Des engagements issus du Grenelle de l’environnement
Suite au Grenelle de l’environnement de 2007, l’État s’est engagé par le plan Ecophyto I, à réduire, si possible, de 50 % l’usage des pesticides d’ici 2018. Les premiers résultats étant très mitigés, un nouveau plan Ecophyto II, en 2015, a été élaboré pour diminuer de 50 % l’usage des pesticides d’ici 2025. De plus, depuis 2008, les denrées alimentaires commercialisées sur le marché européen doivent respecter les limites maximales de résidus de pesticides (LMR) autorisées. Il s’agit d’un seuil réglementaire de concentration de résidus de produits pesticides, au-delà duquel la commercialisation d’un produit alimentaire n’est plus autorisée. En 2017, une nouvelle avancée a été obtenue avec l’adoption de la Loi « Labbé ». Elle interdit aux personnes publiques (l’État, les collectivités territoriales et leurs regroupements, les établissements publics) d’utiliser des produits phytosanitaires pour l’entretien des espaces verts, voiries, promenades et forêts, ouverts au public. Et depuis le 1er janvier 2019, l’interdiction d’utilisation s’étend aux particuliers.
L’utilisation des pesticides en France
Malgré ces mesures, l’usage des pesticides est encore trop fréquent en France. Si l’on rapporte la quantité de produits phytosanitaires à l’hectare cultivé, la France se classe au 9e rang derrière entre autres l’Italie, l’Espagne, l’Allemagne. Le monde agricole et les industriels consomment la plus grande part des pesticides commercialisés chaque année en France. Cependant, l’étude Pesti’home réalisée en 2014 a montré que sur 1507 ménages, 75 % d’entre eux utilisaient au moins un produit contenant des pesticides par an. Cet usage concerne notamment la protection des plantes, la lutte contre les insectes, les rongeurs, les parasites et moisissures.
Les pesticides utilisés par les agriculteurs, les industriels et les ménages sont ensuite retrouvés dans l’air extérieur, dans l’air des logements, mais aussi dans l’eau. Il est à noter qu’il n’existe aucune réglementation sur la teneur en pesticides dans l’air. Une étude de l’UFC-Que Choisir a montré en 2016 que 92 % des cours d’eau français étaient contaminés par des résidus de produits phytosanitaires (il s’agit ici de l’eau non traitée). Pour ce qui est de l’eau que nous consommons, en 2017, en Pays de la Loire, seulement 78 % de la population était alimentée par une eau conforme en matière de pesticides. Et 90 % des situations de dépassement étaient liées aux produits de dégradation de 2 herbicides : l’alachlore interdit depuis 2003 et le métolachlore interdit depuis 2008 et remplacé en agriculture par le S-métolachlore.

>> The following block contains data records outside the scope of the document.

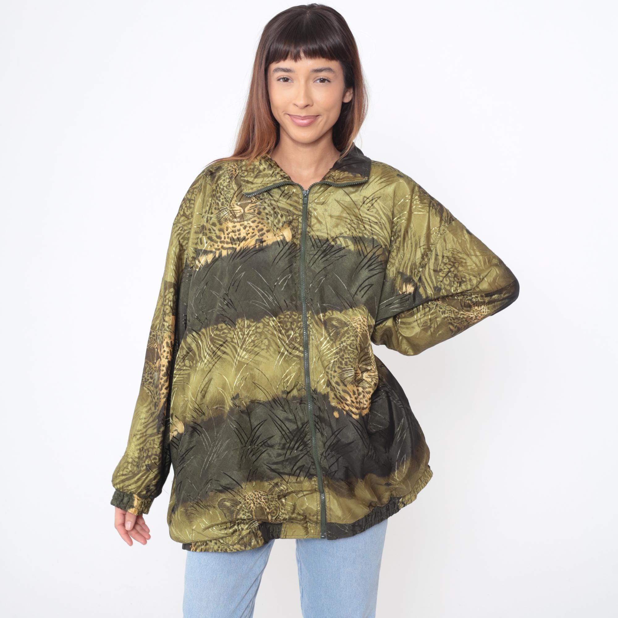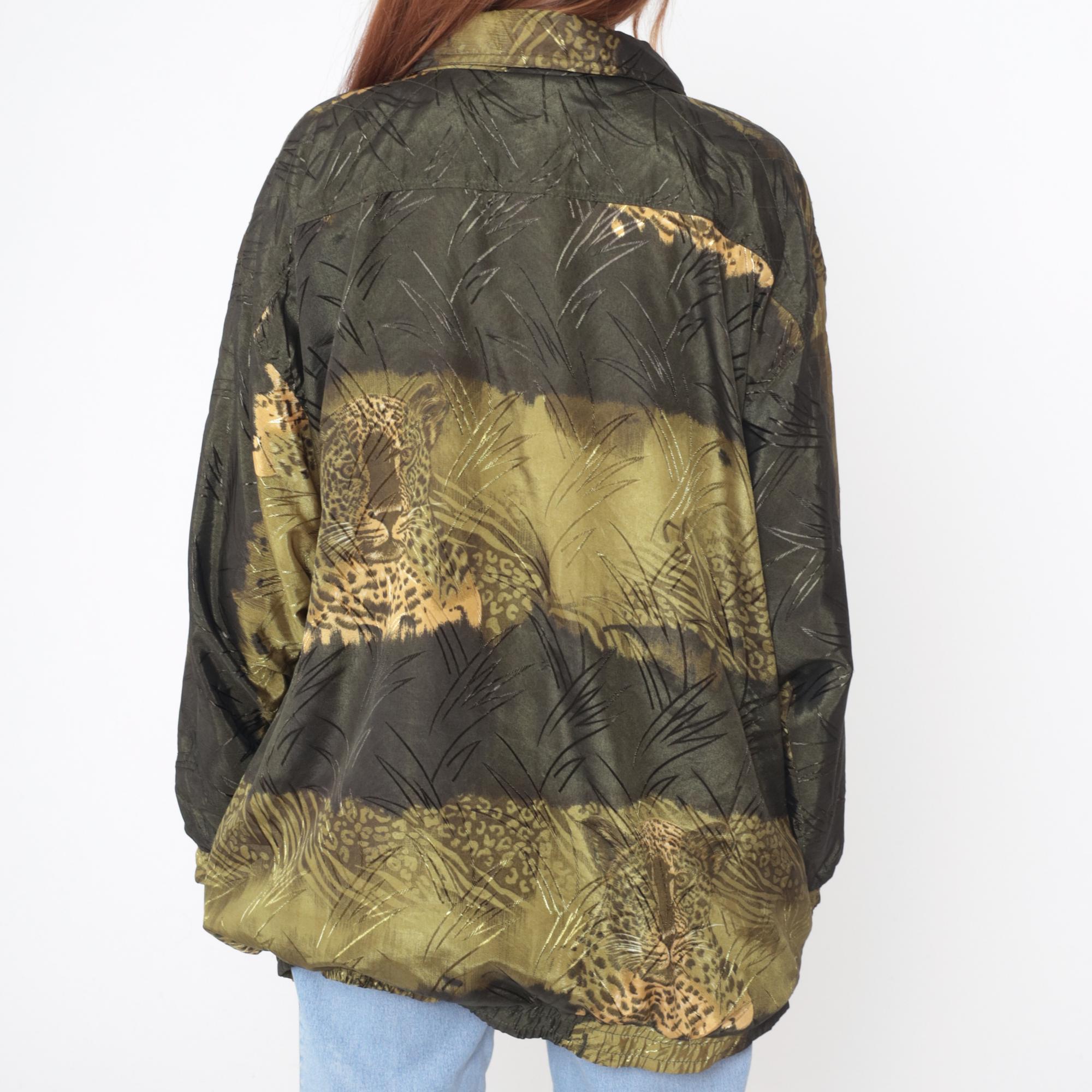 90s windbreaker jacket with leopard print and jungle grass scene across the fabric in olive green, gold, black, and tan. Full zip front closure, collared neckline, elastic cuffs and hem. Oversized, loose fit.
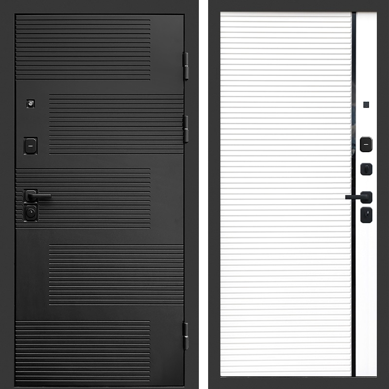 Входная стальная дверь Фаворит фл-248 Белый матовый, черная вставка
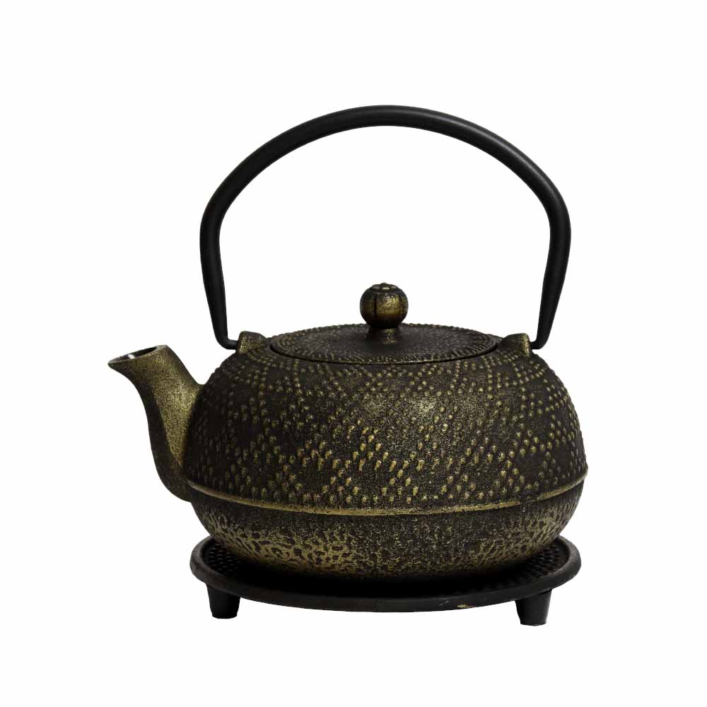 Teekanne aus Gusseisen mit Verzierungen 'Akita' - 700ml schwarz-gold
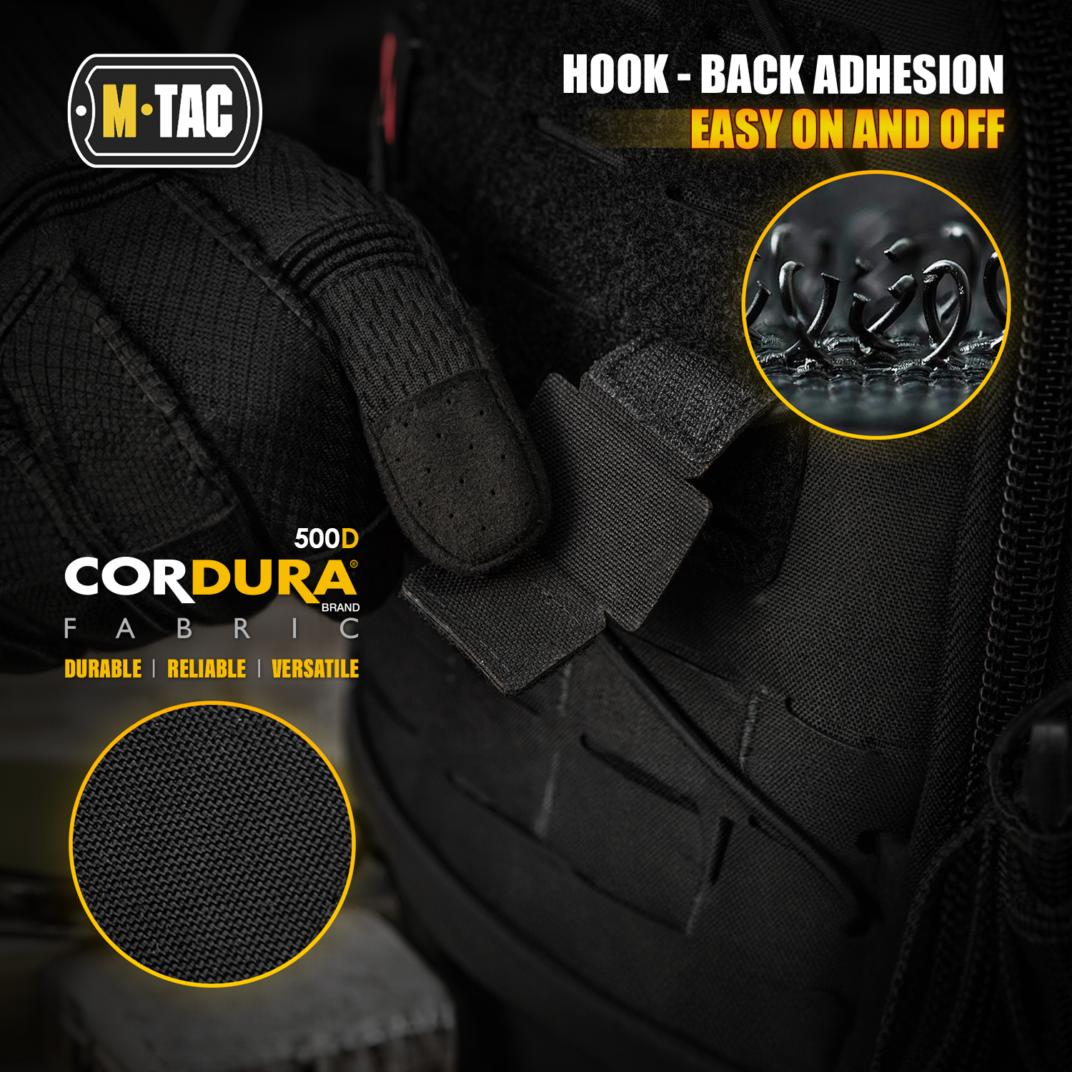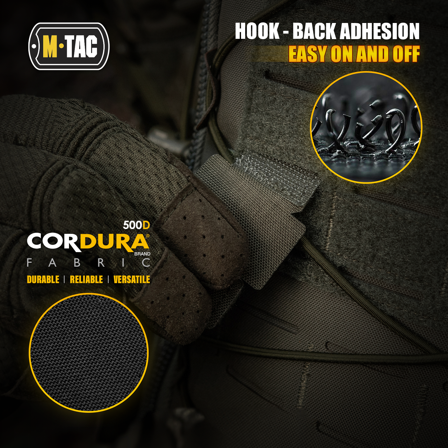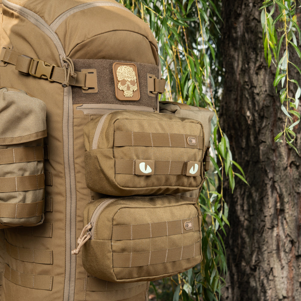The Tiger eyes patch consists of two parts and is two rectangles measuring 1.5 x 1 inches. Made of Cordura 500D, strong, resistant to abrasion, burning and deformation material and with two cat's eyes depicted on them. The patches attach to the MOLLE interface, rather than to ordinary loop panels with hook and loop fastener. The Eye images are made using Laser Cut technology, which consists in the fact that holes are cut in the material with a laser. The rubberized material is glued between two layers of Cordura, which can accumulate a light charge and glow in the dark. Compact light-accumulative, glow-in-the-dark patches can easily find their place on a backpack, bag or even baseball cap.
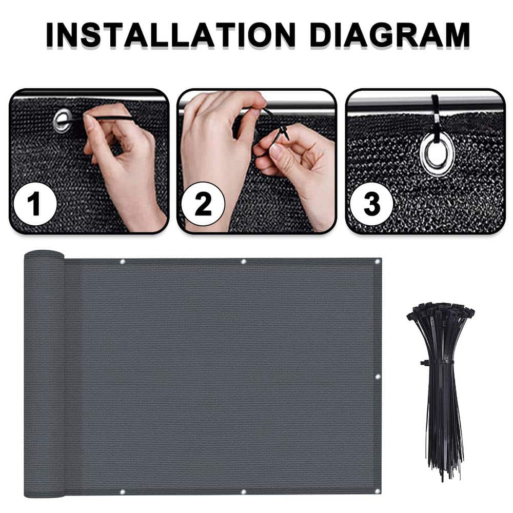Angel Sar 3 x 10 ft. Charcoal Balcony Privacy Screen Fence Cover for Deck, Patio, Backyard, Outdoor Pool, Porch, Railing

Pesticides et alimentation
Outre la présence de pesticides dans l’air et l’eau, selon l’OMS la principale source d’exposition provient de l’alimentation.
Les fruits et légumes les plus exposés sont le raisin, la clémentine ou mandarine, la cerise, le pamplemousse, la fraise, la nectarine ou pêche, le céleri (branche ou rave), l’endive et la laitue. Tandis que les fruits et les légumes les moins exposés sont la prune, la mirabelle, le kiwi, la betterave, l’igname et les asperges.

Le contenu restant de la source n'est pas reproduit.